Wednesday 8 November 2017

EU Rebuffs New UK Registration System. Voting Sheep? Apples

Apple Day in Ely 2012
Britain has proposed a new streamlined registration system for EU citizens applying for permanent residency in the UK, making it equivalent in cost to applying for a UK passport. However, the EU parliament still believes that EU citizens should be able to stay in the UK automatically after Britain leaves the EU and that the proposal is still inadequate.

Prime Minister May accepted the resignation of another cabinet minister, Priti Patel, the former UK international development secretary. It looks as if at one point PP was on a private visit holding these unsanctioned events, whilst her junior minister was also in Israel for official meetings, yet unaware of her activity. Another tricky decision ahead for the PM on who to bring in to fill the vacancy.

Good news then, that UK Cambridge researchers have been able to demonstrate that sheep can be taught to recognise human faces. Perhaps they could be enrolled in future elections, voting with their feet, to replace a potentially fickle human electorate that might be swayed by scandal.
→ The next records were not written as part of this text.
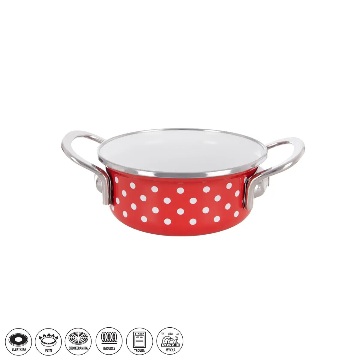 Smaltované nádobí nabízí možnost zdravého vaření bez uvolňování nebezpečných a nežádoucích látek do jídel. Nádobí naakumuluje teplotu a dlouho ji udrží. Vyznačuje se dlouhou životností, zdravotní nezávadností pro alergiky, univerzálním použitím. Sortiment smaltovaného nádobí v provedení TEČKA doplňuje nerezové kování. Kastroly se výborně hodí na přípravu jíšky, smažené cibulky, rozpouštění másla. Jsou vhodné na všechny typy spotřebičů včetně indukce, do trouby, do myčky na nádobí. Nejsou vhodné do MVT. Na tento kastroly se hodí skleněná poklice z naší nabídky kat. č. C009014012. Materiál: smaltovaný plech, nerez (lem), pochromovaný kov (držadla). Rozměry: průměr 12 cm, výška 6 cm, objem 0,65 l.
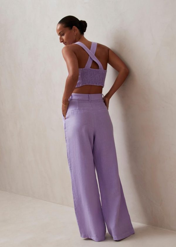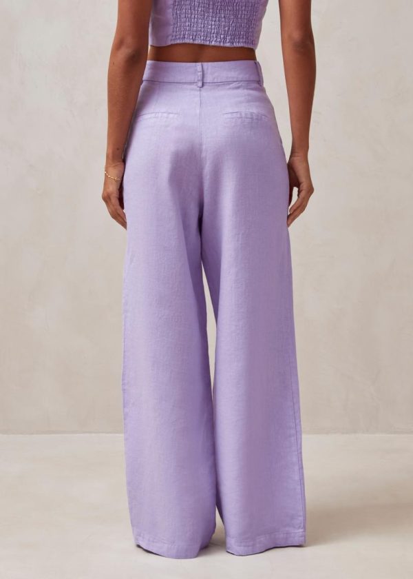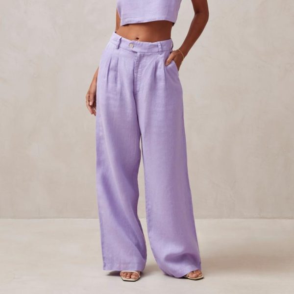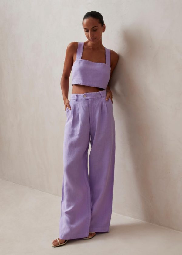 Purple linen wide-leg pants
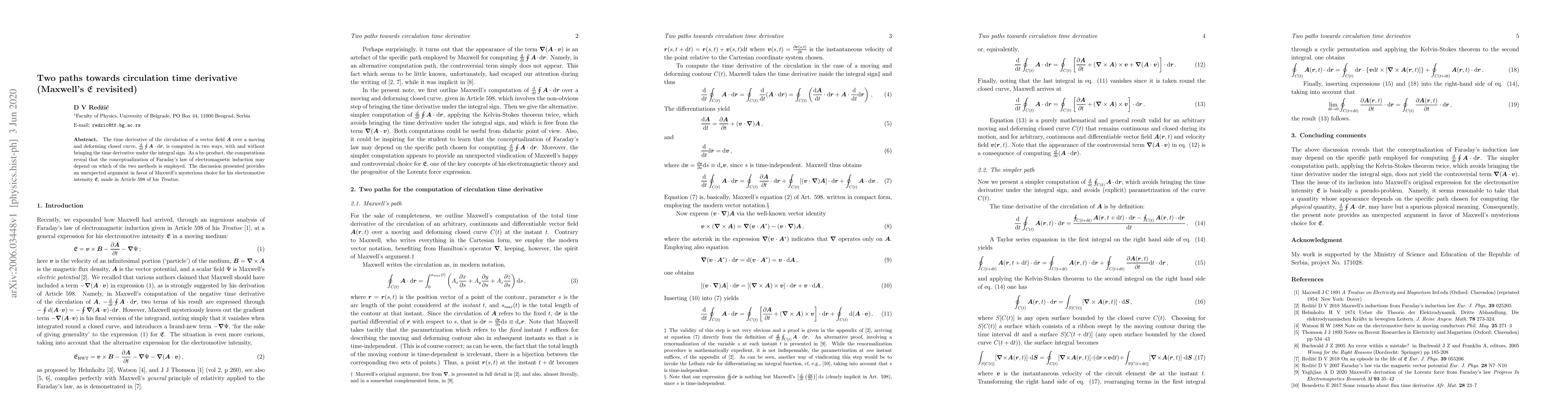 The time derivative of the circulation of a vector field $\boldsymbol{A}$ over a moving and deforming closed curve, $\frac {\mathrm{d}}{\mathrm{d} t}\oint \boldsymbol{A} \cdot \mathrm{d} \boldsymbol{r}$, is computed in two ways, with and without bringing the time derivative under the integral sign. As a by-product, the computations reveal that the conceptualization of Faraday's law of electromagnetic induction may depend on which of the two methods is employed. The discussion presented provides an unexpected argument in favor of Maxwell's mysterious choice for his electromotive intensity $\mathfrak E$, made in Article 598 of his Treatise.
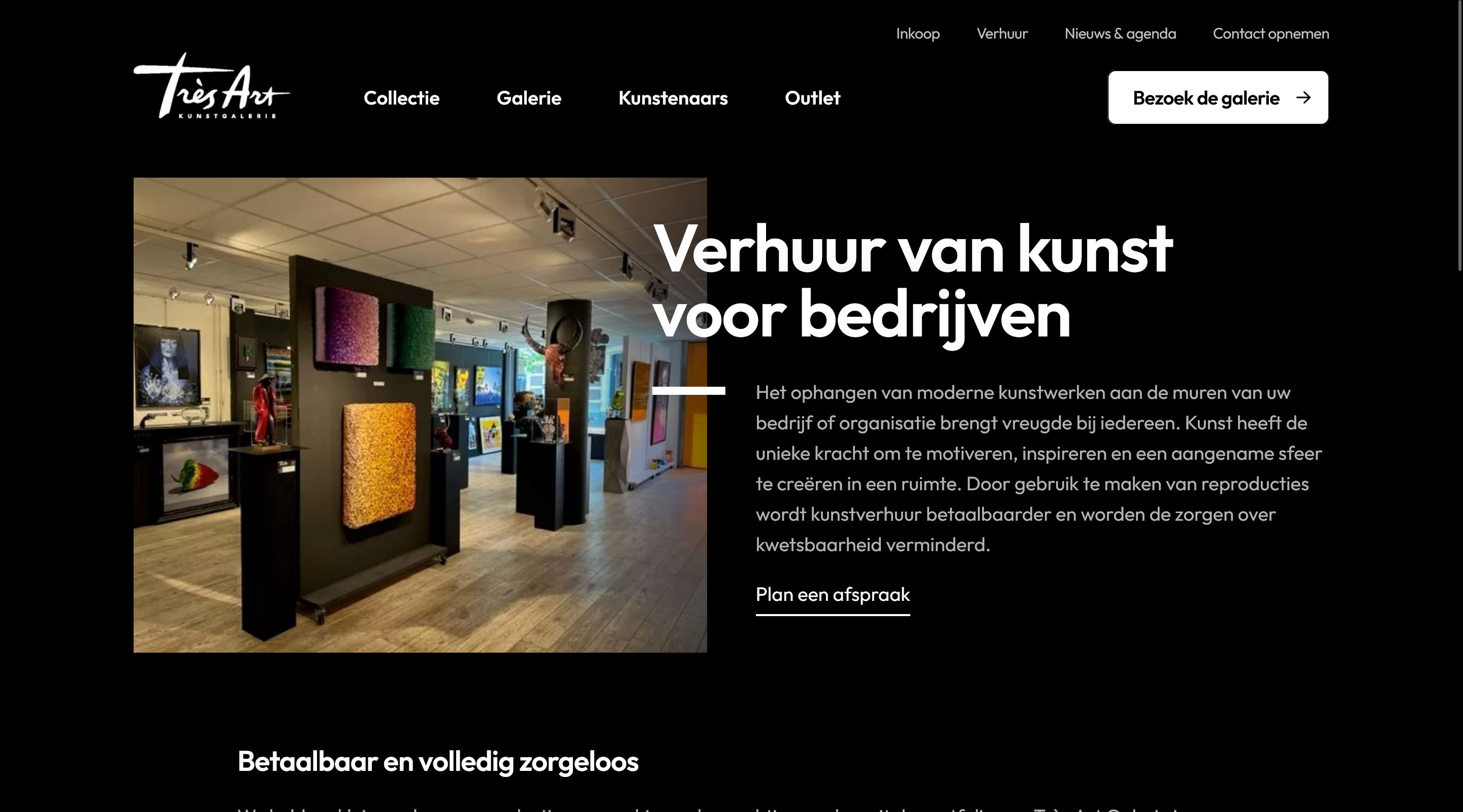 Voor kunstgalerie Très Art van Arian van der Hoeven uit Breda ontwikkelde RB-Media de complete nieuwe website.

The downside would be the rustling of sheep voting for one candidate and retraining them to vote for another. Then there would be the dilemma of whether to eat lamb from your political persuasion as an act of solidarity, or whether to eat those from the opposition in an attempt to reduce the electorate. Mind you, with only 5.3 million sheep in the US, they might be better off with the also intelligent pig, at over 70 million.
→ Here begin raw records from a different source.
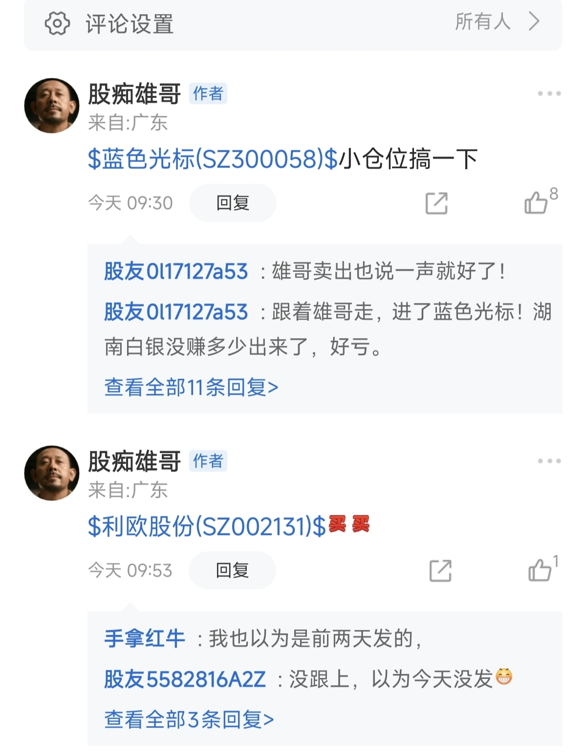 市场反馈与分析:雄哥在9点半准时提示“小仓位”介入,这通常意味着他认为该股有短期
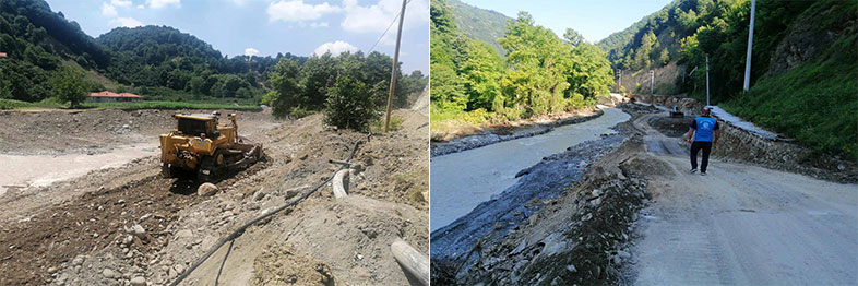 Uğursuyu deresinde yaşanan sel taşkınının getirdiği birikintiyi dozerle temizleyen Fen İşleri Daire Başkanlığı ekipleri, köylere ulaşımın sağlandığı yolun açılması için dere yatağı temizleme ve yol yapım çalışması yapıyor. Büyükşehir Yol Bakım Timi bölgede bir haftadır çalışmalara katılıyor. Düzce’de ekipler, 1 tır, 1 dozer ve 4 personelle yol açma, yol genişletme dere yatağı genişletme çalışmaları yapıyor.
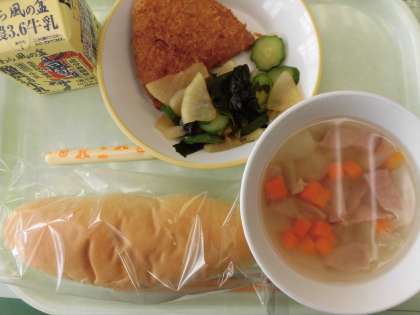 2月9日(金) 今日の給食 公開日 2024/02/09 更新日 2024/02/09 お知らせ・お願い 今日の献立は、コッペパン、アジフライ、大根サラダ、マカロニスープ、棒チーズ、牛乳です。 アジフライはさくさくで食べやすいです。マカロニスープは、小さなマカロニと小さなサイコロ状のニンジンが口当たりがよく美味しいです。ハートに型抜きされたニンジンもありました! 今日もおいしくいただきました!

With the NHS needing more funding to counter the increase in waiting times for hospital appointments and operations, the NHS chief Simon Stevens forecast that one in twelve of the UK population could be on a hospital waiting list by 2021. He further said that perhaps the government should start giving the NHS the money promised by the Brexit campaigners during the EU referendum campaign.

A cold having properly set in, it was a late start, finishing the touches on a brochure for a visiting German delegation to the UK next week. We had a disruptive and unexpected set of power cuts, wth a warning that we should prepare for another over the early afternoon. Not wanting a crashed computer again, I instead baked a new loaf:

150g Camilla sourdough, 200g strong white flour, 200g wholemeal bread flour, 8g salt, a level desert spoon of dried yeast (6g), 200g raw pureed apple made up to 250 ml with a bit of water and lemon juice, handful of ground hazelnuts, desertspoon of Nutella. Whilst kneading, I did have to add a bit more water. Allowed to rise for 90 minutes and then knocked back and placed in bread tin to rise for further 2h before baking. It created a denser loaf than usual, tasty, though you couldn't really tatse the apple.
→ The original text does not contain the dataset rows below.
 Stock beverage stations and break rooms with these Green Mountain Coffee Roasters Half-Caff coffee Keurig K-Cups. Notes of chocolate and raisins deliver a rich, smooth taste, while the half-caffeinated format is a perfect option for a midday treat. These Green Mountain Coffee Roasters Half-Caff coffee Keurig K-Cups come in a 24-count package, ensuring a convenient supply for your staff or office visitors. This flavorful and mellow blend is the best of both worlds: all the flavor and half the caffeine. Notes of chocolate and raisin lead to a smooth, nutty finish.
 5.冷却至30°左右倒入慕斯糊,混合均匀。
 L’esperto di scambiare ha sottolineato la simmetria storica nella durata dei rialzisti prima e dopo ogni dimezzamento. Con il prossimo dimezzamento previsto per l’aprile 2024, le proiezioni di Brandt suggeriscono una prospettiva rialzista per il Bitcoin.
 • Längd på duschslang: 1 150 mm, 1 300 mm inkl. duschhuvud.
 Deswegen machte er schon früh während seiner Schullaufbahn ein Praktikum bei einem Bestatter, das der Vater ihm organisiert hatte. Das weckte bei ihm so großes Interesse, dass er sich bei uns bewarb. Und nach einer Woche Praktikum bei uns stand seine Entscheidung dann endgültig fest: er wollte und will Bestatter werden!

I used one of our remaining large eaters/cookers of unknown variety, quite sweet but firm. According to Elzebroek & Wind 2008, there are over 7500 cultivated apple varieties, divided into eaters, cookers and cider apples. Then there are the wild crabapples scattered in our hedgerows.

The wild ancestor of the apple originated in the mountains of southern Kazakhstan and has been cultivated and develped over millenia. It was probably the first fruit tree to be cultivated and has a special importance for us humans. Normally, apples grow into very large trees. This is countered by grafting onto root stocks that reduce the rampant growth. The extreme development are the pillars, which have very little lateral branching, great for small gardens.

To maintain a true variety, you cannot grow apples from seed, you have to propagate them from cuttings to keep them true to type. This is because fertilisation results in a mixing and shuffling of genes, so that, as with humans, the offspring can be very different from the parents. Then again, it is these new plants that could yield a variety of the future.